Они молчат, вглядываясь в ночь.
– Нужно выключить свет, – говорит Зоя. – Иначе уродцы слетятся, как мотыльки на огонь.
– Хорошо… – Мидлей чувствует, как сон наваливается на веки. – Сколько здесь комнат?
– Одна.
– А кроватей?
– Одна, – Зоя улыбается. – Ты не бойся. Я столько всего помню, что после этого спать с мужчиной на одной кровати для меня плевое дело.
* * *
Солидо. Он появляется спустя две недели.
– Кто ты? – спрашивает он Мидлея. Смотрит на Зою и тут же расплывается в довольной улыбке. У него светлые волосы, бледная кожа и пышная женская грудь.
– Думаю, не стоит даже гадать, почему ты здесь, – смеется Зоя. Солидо краснеет. – Ну, зато с чувствами все в порядке. – Зоя смотрит на Мидлея. – Возьмем его к себе?
– Мне все равно.
– Да тебе всегда все равно!
Бледно-розовый луч сканирует сетчатку глаза. Солидо улыбается блондинистой голограмме.
– Не трать в пустую таланты! – говорит ему Зоя. – Она машина, а вот я – нет.
– Я заметил, – голубые глаза Солидо буквально раздевают ее.
– Расскажи нам о нем, – говорит Зоя голограмме.
Образ Солидо вращается, показывая достоинства и недостатки.
– Неплохо, – кивает Зоя, разглядывая его гениталии.
Солидо смотрит на самого себя. Смотрит на свою грудь. Голос блондинки рассказывает о его профессии.
– Так мы с тобой почти что братья! – веселится Зоя. – А грудь… Грудь – это мелочь! Не расстраивайся. У меня вообще в животе ребенок, который никогда не родится, – она поворачивается к голограмме. – А теперь расскажи нашему новому другу обо мне.
Солидо смотрит на появившийся образ обнаженного женского тела.
– А у тебя широкие бедра, – говорит он.
– Это хорошо?
– Думаю, да, – он оборачивается и смотрит на Мидлея. – Тебе повезло.
– Ну, это вряд ли! – смеется Зоя. – Эй, белобрысая! – говорит голограмме. – Расскажи о Мидлее…
– Значит, совсем ничего не чувствуешь? – спрашивает его Солидо.
– Нет.
– И даже к ней? – он смотрит на Зою.
– А что я должен к ней чувствовать?
– Ну ты же мужчина.
– Забудь! – фыркает Зоя. – Расскажи лучше, что ты помнишь из прошлой жизни.
– Ничего.
– Совсем?
– Ну, может, образы.
– Женщины?
– И женщины, и мужчины, – Солидо опускает голову и недовольно смотрит на свою грудь. – Только у меня вот этого нет.
– У меня живота тоже нет в воспоминаниях.
– А все остальное?
– Думаю, как и у тебя.
– А другие? Здесь есть кто-нибудь кроме вас?

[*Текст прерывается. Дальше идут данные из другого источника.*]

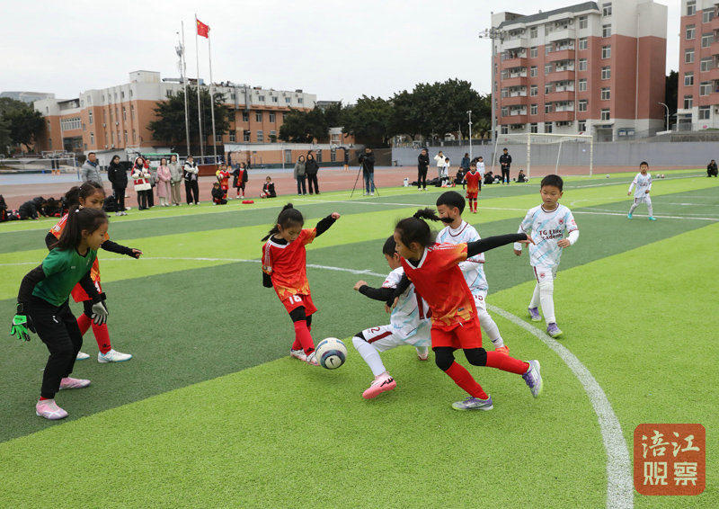 比賽一開始,江油女足的小隊員們便開始展現(xiàn)出較為嫻熟的足球技巧,他們在五人制足球場上與同年齡段的男孩們奮力爭搶。別看孩子們小小的個子,面對雙語學校的男隊員,這些女孩一點也不膽怯,總是想方設法突破對方防守。對方有好幾次射門,大都被江油女足隊員防守成功,守門員也勇敢地奪下了幾次射門。雙方在球場上你拼我搶,幾乎可以說勢均力敵??偟膩砜?,這些小球員們的傳球、停球、射門技巧已經(jīng)有了較好的表現(xiàn)。
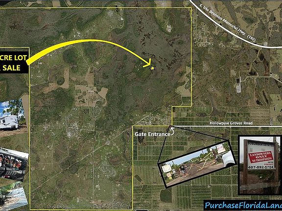 Fantastic 1.25 Acre Lot in Suburban Estates, Holowpaw Florida In Osceola County. PRICED FOR A QUICK SALE!! ACT FAST! -----CALL 213-503-9464. ----First Person To Pay Will Get This Great Deal! This 1.25 Acre Lot is located in an island like area that is partially surrounded by Big Bend Swamp. About 75% of the lot appears to be mostly dry, with the SouthEast part of the lot abbuting Big Bend Swamp. There are a number of existing campsites on this "island" area, but this lot may be prone to some seasonal wetness. This Area Is For Serious Off-Roaders Only! You Will Need A Snorkel Equipped 4x4 or Other Off Road Vehicle To Access The Lot, To Get To This Lot Your Vehicle Will Need To Go Under Water! Since This Is A Less Populated Area of Suburban Estates, This Lot Would Make A Perfect Hunting Base Camp! Wild Game - Hog, Deer, & Turkey Run All Over Suburban Estates. An Existing Jeep Trail Runs Right To The Property. (see photos) FIRST TIME FOR SALE IN OVER 40 YEARS! The Prior Owner Purchased This Lot In 1976! Suburban Estates is a 10,000 acre undeveloped subdivision in Holowpaw, near Saint Cloud in Osceola County. Land inside of Suburban Estates is for Recreational Use. This area is used by the landowners for Hunting, Fishing, Four-Wheeling, Mudding, Camping, etc. The property is gated and only landowners and their guests have access via the locked gate entrance. This land is deemed un-buildable; however from what I understand structures of a non-permanent nature are allowed. So Small Cabins, RV's, Mobilehomes, Tiny Homes, Sheds, Shipping Containers, etc. should be fine as long as they do not have permanent foundations. I have included several pictures of actual campsites inside of Suburban Estates, some even have elaborate solar power systems! If you are looking for a place to park your RV or Tiny Home and Live Off-The-Grid, or if you want a place to camp out, or establish a Hunting Basecamp Then Suburban Estates may be perfect for you! I live in California and I have never been to the lot. I Do NOT have a gate key, and thus I can not show the land. I have added many photos of the land, and I have priced the land aggressively due to the fact that it can not be shown. This Lot Has A --BUY NOW-- Price of ONLY $4,000! Please Understand That One of The Reasons That This Property Is A Great Deal Is Because NO FINANCING IS OFFERED! You MUST Be In A Position To Pay In Full! Details About This Property: The Lot is approximately 165' x 335' It is over 1.25 Acre This Lot's Parcel Number is # 172732000042220000 ================PRICED FOR A QUICK SALE!! ACT FAST! -----CALL 213-503-9464. ACT FAST! . First Person To Pay Will Get This Great Deal! Interested? Have Questions? Don't Regret, Take Action...Give Me A Call I Will Be Happy To Talk To You! For More Info Call or Text Property Owner, My number is listed under "Property Owner" BELOW (almost to the bottom) OR Scroll All the way down To "Listing Provided By Owner" & click on "see listing website"

– Только безумцы. Старуха с говорящим горбом. Блудница без лица.
– Блудница?
– Даже не надейся! – смеется Зоя. – К ней такая очередь, что не стоит и пытаться! – она кивает головой в сторону Мидлея. – Расскажи ему, что видел.

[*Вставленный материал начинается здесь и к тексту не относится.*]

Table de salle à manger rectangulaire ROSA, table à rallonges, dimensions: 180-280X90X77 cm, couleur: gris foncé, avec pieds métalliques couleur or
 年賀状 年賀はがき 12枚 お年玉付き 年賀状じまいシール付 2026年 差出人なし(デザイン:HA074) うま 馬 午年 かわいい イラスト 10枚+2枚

– Да нечего рассказывать, – говорит Мидлей. – Женщина без лица занималась любовью с парой уродцев.
– С парой уродцев? – Солидо снова краснеет.

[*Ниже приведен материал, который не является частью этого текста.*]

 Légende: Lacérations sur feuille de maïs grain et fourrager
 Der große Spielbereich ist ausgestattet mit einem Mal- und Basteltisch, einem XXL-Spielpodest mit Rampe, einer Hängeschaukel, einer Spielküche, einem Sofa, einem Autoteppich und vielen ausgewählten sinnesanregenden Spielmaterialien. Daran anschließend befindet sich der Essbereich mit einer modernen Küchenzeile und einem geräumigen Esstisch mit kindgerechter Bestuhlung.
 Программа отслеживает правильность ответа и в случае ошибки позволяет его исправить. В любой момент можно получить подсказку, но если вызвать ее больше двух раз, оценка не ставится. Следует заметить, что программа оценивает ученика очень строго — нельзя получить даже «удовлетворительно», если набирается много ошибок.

– Да не переживай ты так! – Зоя тяжело вздыхает. – Мы все здесь уродцы.
* * *
На кладбище тихо, даже птицы поют где-то за его пределами, не решаясь нарушать незримую границу.
– Ни одной новой могилы, – говорит Солидо.
Капельки пота блестят на его высоком лбу. Под намокшей футболкой предательски набухли крупные соски. Солидо застегивает рубашку.
– Да не стесняйся ты! – говорит Зоя.
– Нужно спросить голограмму, почему здесь не появляется новых могил, – говорит Мидлей.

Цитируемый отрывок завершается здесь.